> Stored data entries
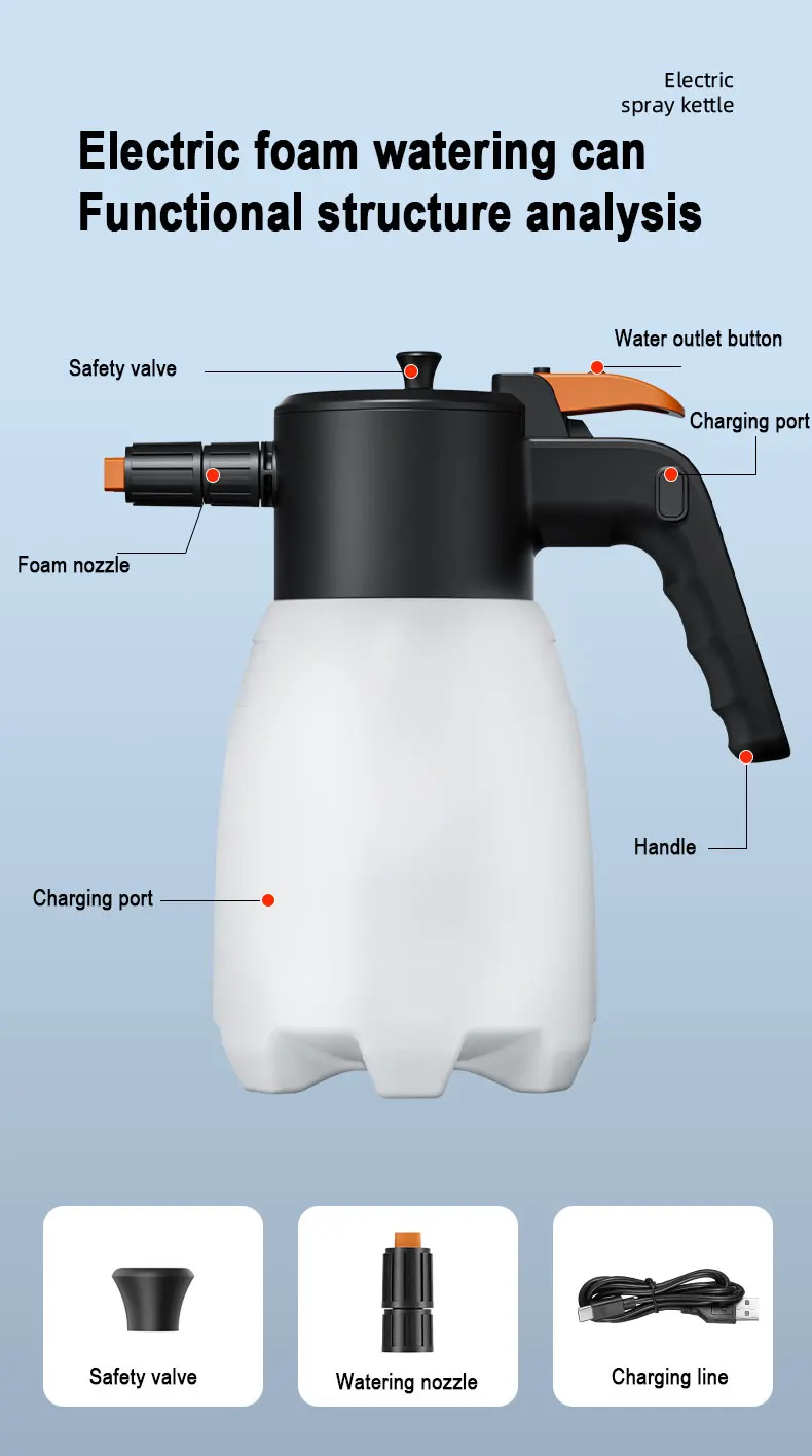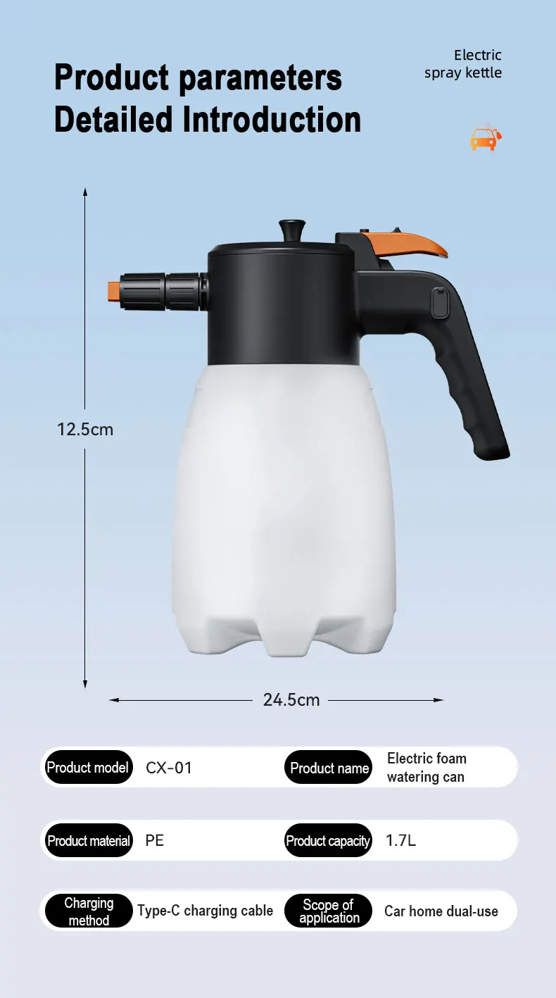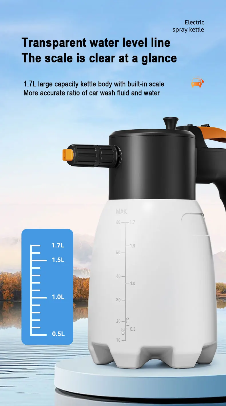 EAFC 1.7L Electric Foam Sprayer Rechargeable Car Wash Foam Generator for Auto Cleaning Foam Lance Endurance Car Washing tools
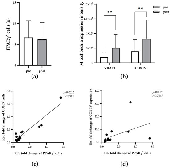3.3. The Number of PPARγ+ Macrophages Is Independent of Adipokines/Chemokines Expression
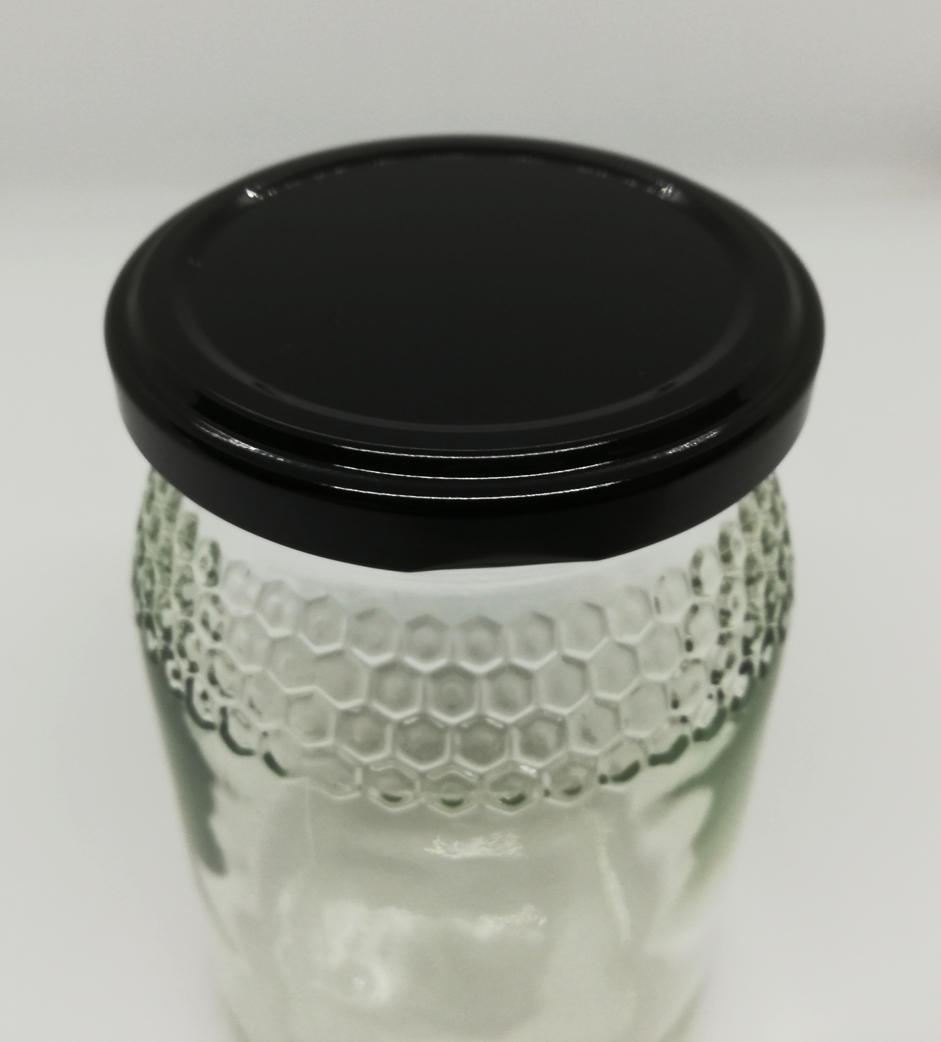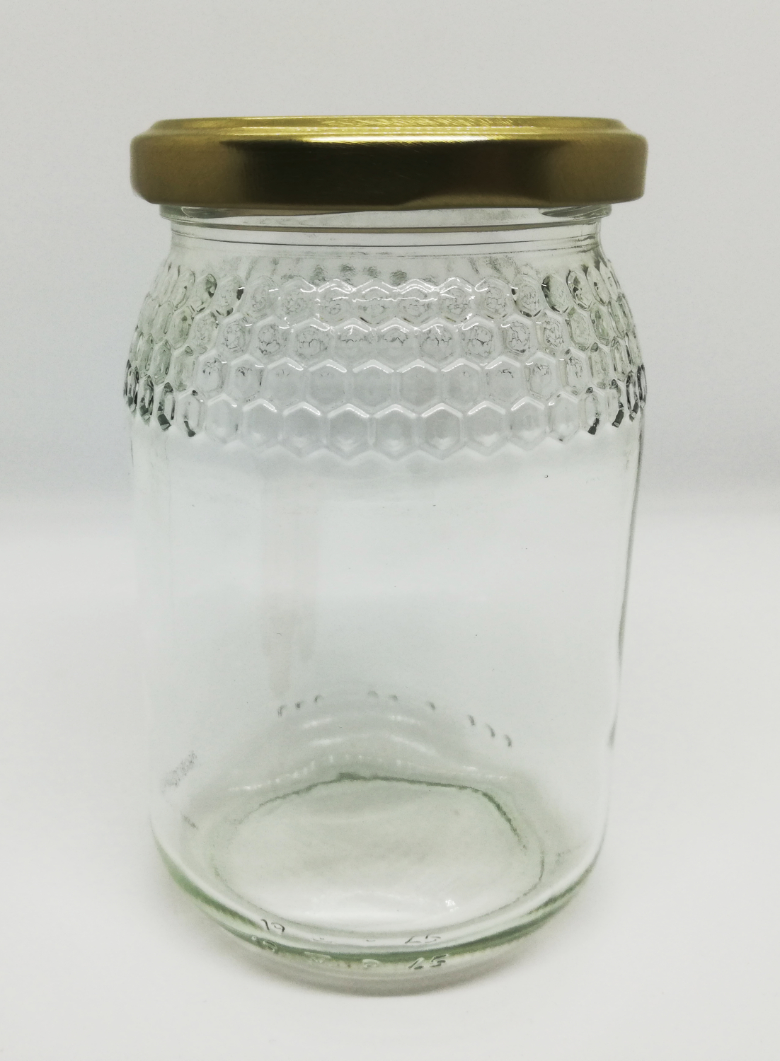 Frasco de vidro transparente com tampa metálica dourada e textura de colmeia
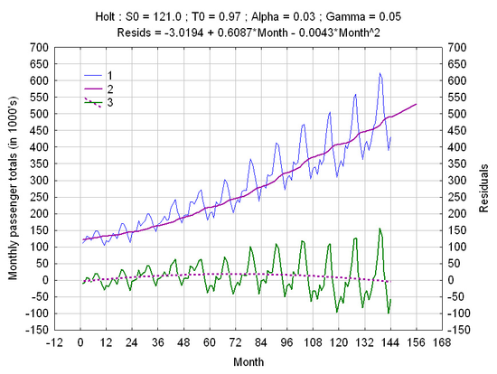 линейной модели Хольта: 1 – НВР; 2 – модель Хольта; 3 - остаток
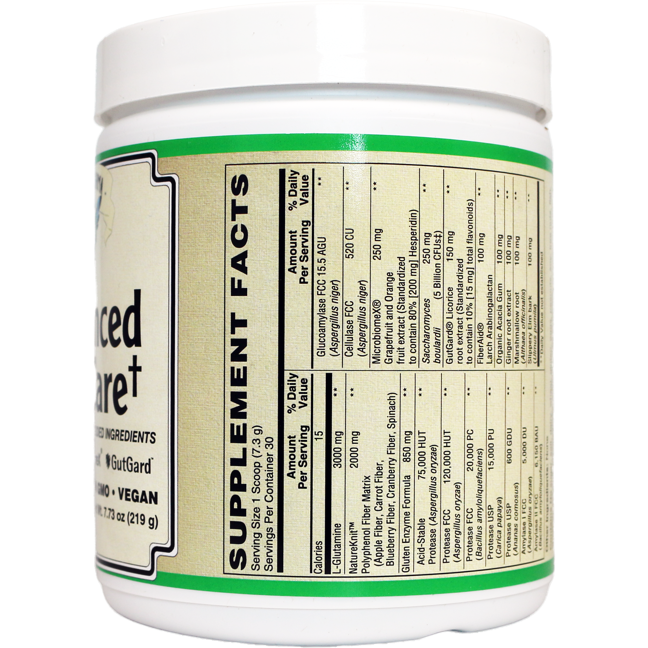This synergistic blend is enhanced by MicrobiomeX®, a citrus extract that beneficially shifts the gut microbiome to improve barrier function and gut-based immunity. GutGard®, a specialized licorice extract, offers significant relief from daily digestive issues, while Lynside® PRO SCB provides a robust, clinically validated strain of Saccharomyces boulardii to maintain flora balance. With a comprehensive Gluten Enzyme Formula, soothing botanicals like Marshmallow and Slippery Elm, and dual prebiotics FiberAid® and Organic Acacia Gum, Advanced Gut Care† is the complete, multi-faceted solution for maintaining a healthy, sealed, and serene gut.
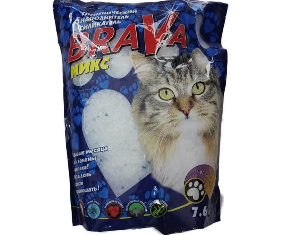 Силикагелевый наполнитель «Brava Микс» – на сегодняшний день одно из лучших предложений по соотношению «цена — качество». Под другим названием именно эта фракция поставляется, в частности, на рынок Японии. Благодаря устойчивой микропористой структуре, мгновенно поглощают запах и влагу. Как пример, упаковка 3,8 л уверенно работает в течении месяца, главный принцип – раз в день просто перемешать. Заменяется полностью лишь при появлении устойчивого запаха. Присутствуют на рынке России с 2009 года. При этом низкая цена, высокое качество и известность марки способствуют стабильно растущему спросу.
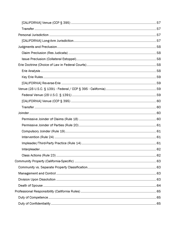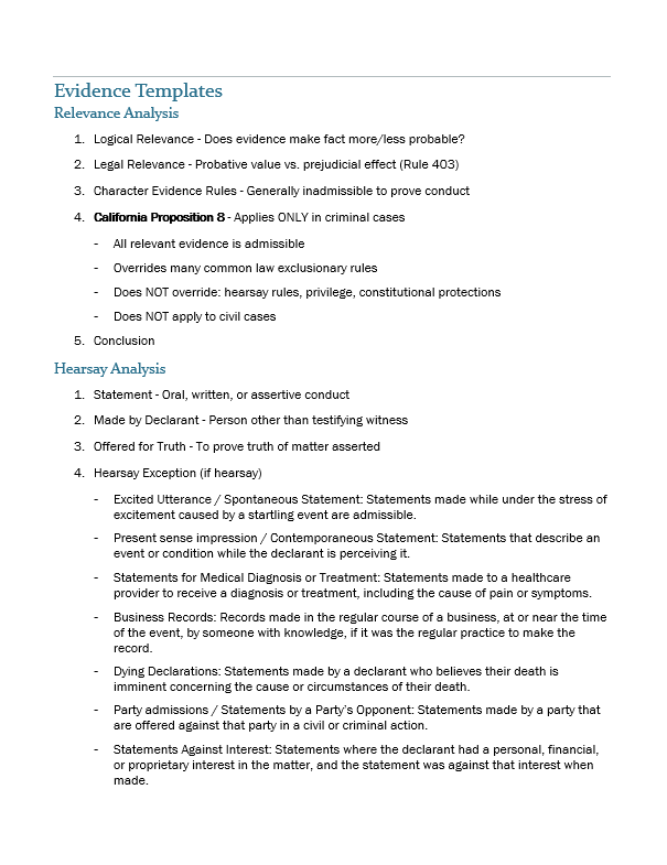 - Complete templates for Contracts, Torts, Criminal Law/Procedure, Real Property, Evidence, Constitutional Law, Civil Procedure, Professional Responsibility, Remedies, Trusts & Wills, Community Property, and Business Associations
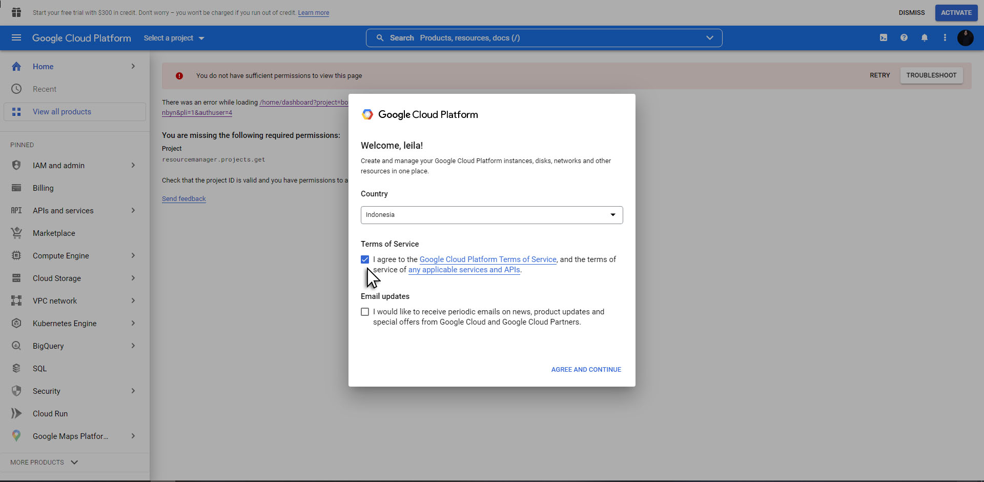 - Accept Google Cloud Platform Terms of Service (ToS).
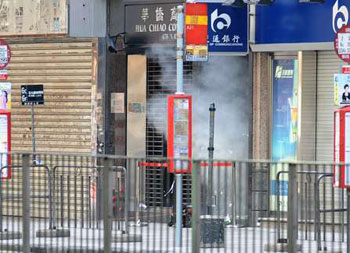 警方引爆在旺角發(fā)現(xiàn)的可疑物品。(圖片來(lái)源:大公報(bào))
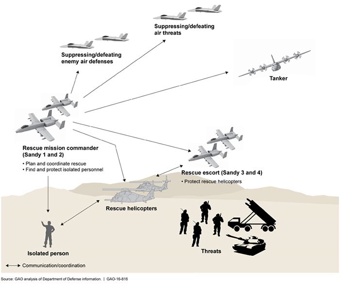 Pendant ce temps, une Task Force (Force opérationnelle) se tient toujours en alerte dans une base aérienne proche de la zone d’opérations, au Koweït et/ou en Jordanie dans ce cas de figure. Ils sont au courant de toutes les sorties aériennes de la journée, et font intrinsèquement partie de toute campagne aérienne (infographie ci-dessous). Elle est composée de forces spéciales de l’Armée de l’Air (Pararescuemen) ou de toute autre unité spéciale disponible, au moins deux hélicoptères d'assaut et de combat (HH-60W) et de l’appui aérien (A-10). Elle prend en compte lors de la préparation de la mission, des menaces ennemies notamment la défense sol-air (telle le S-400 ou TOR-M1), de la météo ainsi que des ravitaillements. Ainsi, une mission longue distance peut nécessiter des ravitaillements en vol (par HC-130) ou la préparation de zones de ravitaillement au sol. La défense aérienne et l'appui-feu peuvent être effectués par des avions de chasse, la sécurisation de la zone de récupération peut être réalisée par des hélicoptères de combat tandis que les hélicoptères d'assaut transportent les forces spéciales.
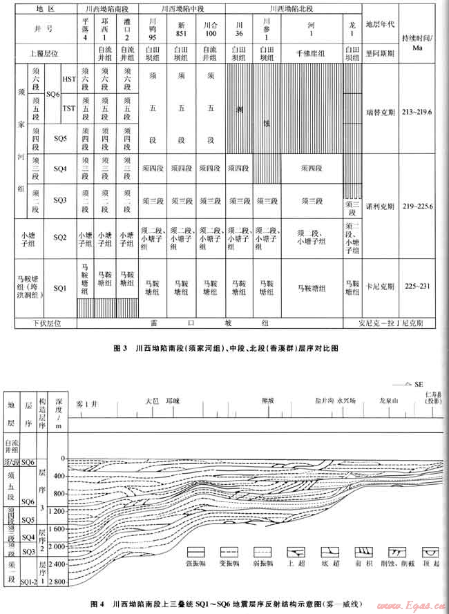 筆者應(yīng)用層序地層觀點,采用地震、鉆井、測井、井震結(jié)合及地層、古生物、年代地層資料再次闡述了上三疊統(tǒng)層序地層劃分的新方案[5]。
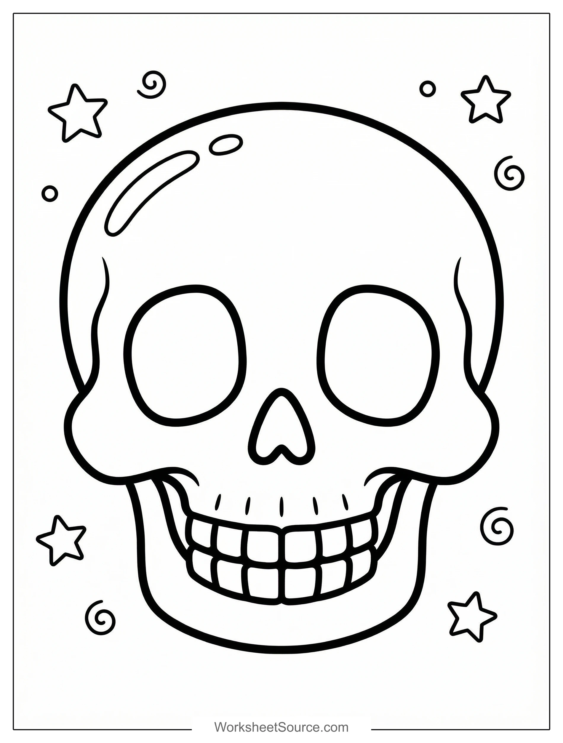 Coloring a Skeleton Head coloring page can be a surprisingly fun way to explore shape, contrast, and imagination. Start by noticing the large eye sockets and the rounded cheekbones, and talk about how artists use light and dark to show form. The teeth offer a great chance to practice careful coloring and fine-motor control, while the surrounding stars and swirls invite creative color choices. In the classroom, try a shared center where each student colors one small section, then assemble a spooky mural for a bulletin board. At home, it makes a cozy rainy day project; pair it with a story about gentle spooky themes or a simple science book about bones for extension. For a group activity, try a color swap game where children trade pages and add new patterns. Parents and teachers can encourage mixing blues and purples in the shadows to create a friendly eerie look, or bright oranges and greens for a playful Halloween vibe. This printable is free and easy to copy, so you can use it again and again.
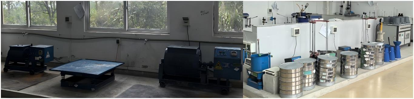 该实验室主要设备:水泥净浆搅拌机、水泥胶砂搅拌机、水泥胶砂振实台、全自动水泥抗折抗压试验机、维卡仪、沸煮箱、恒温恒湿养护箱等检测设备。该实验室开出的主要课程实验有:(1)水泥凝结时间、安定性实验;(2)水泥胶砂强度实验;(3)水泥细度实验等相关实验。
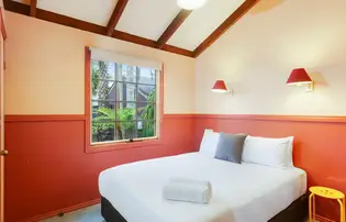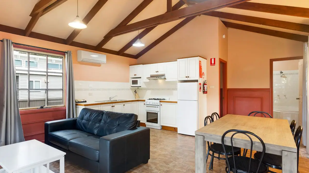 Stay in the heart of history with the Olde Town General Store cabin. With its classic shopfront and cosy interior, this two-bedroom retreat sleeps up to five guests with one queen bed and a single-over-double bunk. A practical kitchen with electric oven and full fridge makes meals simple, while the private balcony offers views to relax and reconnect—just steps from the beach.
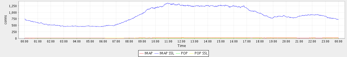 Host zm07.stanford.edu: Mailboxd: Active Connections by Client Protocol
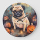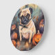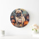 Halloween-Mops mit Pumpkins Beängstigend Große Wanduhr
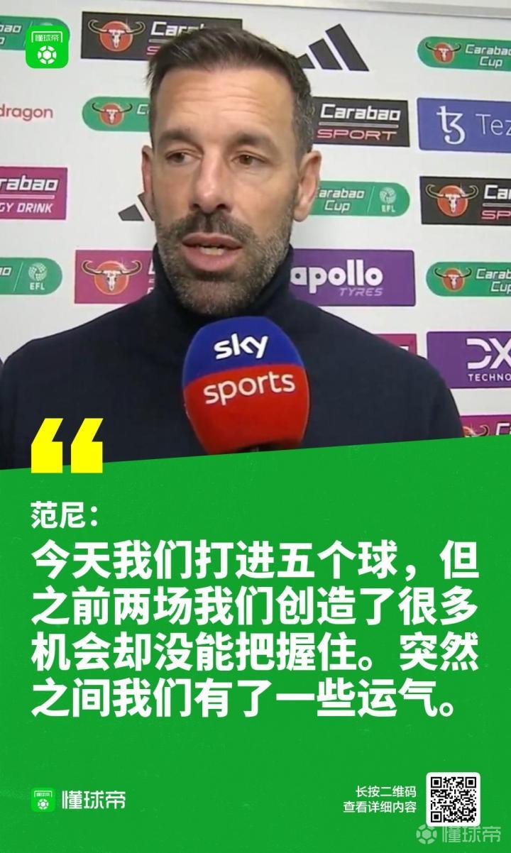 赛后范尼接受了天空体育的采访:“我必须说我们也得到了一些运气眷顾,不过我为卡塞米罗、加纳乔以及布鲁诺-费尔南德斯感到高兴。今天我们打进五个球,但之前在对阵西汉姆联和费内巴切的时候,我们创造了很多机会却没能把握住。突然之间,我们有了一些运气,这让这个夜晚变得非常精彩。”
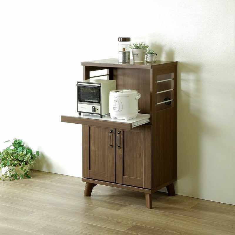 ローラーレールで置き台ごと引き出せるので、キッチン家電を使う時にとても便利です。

> WORK INSTRUCTION
Write out exactly the lines above between the one with "- Complete templates" and the one with "- Accept Google", inclusive, with pictures left out.

> REPLY TO THE EXERCISE
 - Complete templates for Contracts, Torts, Criminal Law/Procedure, Real Property, Evidence, Constitutional Law, Civil Procedure, Professional Responsibility, Remedies, Trusts & Wills, Community Property, and Business Associations
 - Accept Google Cloud Platform Terms of Service (ToS).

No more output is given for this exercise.